> **Description of the task**:
Starting at the top of the listing, extract every line up to and including the one with "Estructura metal cromado/textil.". Pictures stay out of the copy.

> **Data provided**:
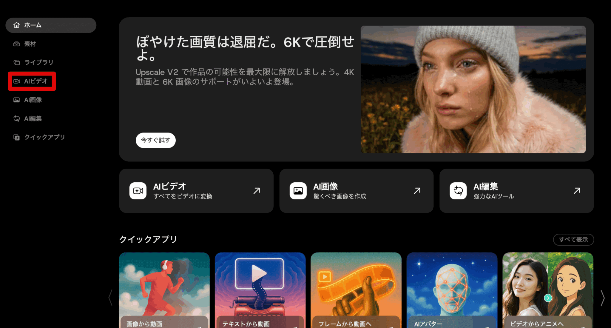 まずはDomoAIにログインして「AIビデオ」をクリックしてください。
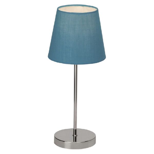Estructura metal cromado/textil. IP20. Clase II. Encendido y apagado táctil. 1 rosca E14 (lámpara no incluida). 16x16xh.40 cm. Pantalla azul. 1xE14.
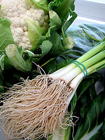 Incorporar altra vegada tota la carn, els alls tendres i la coliflor, mullar amb brou de pollastre fins a cobrir, salpebrar i coure 20 minuts tot el conjunt.
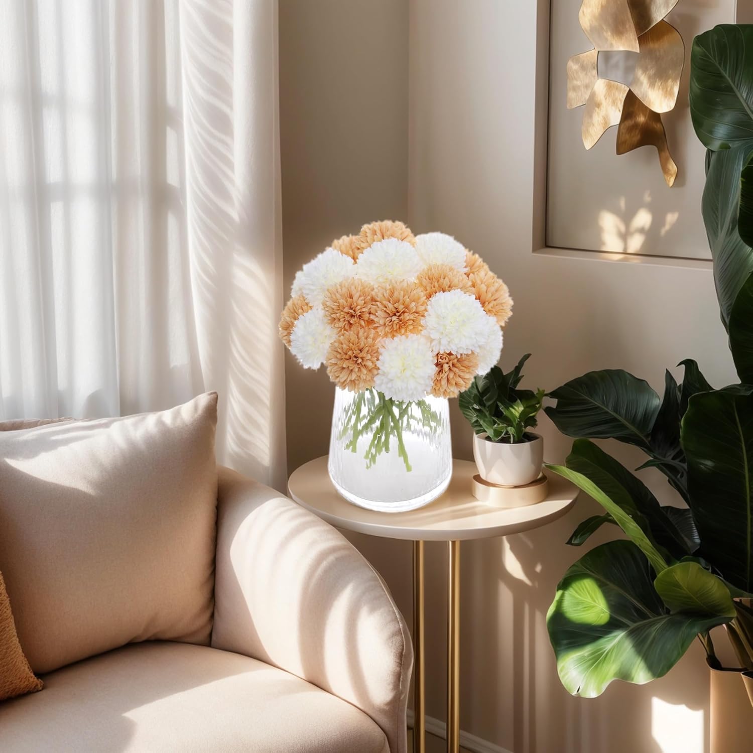Kimura's Cabin 20Pcs Fake Mums Flowers Artificial Silk Chrysanthemum Faux Ball Flowers for Spring Wedding Arrangements Home Indoor Kitchen Table Centerpiece (White Champagne)

> **Written solution**:
 まずはDomoAIにログインして「AIビデオ」をクリックしてください。
Estructura metal cromado/textil. IP20. Clase II. Encendido y apagado táctil. 1 rosca E14 (lámpara no incluida). 16x16xh.40 cm. Pantalla azul. 1xE14.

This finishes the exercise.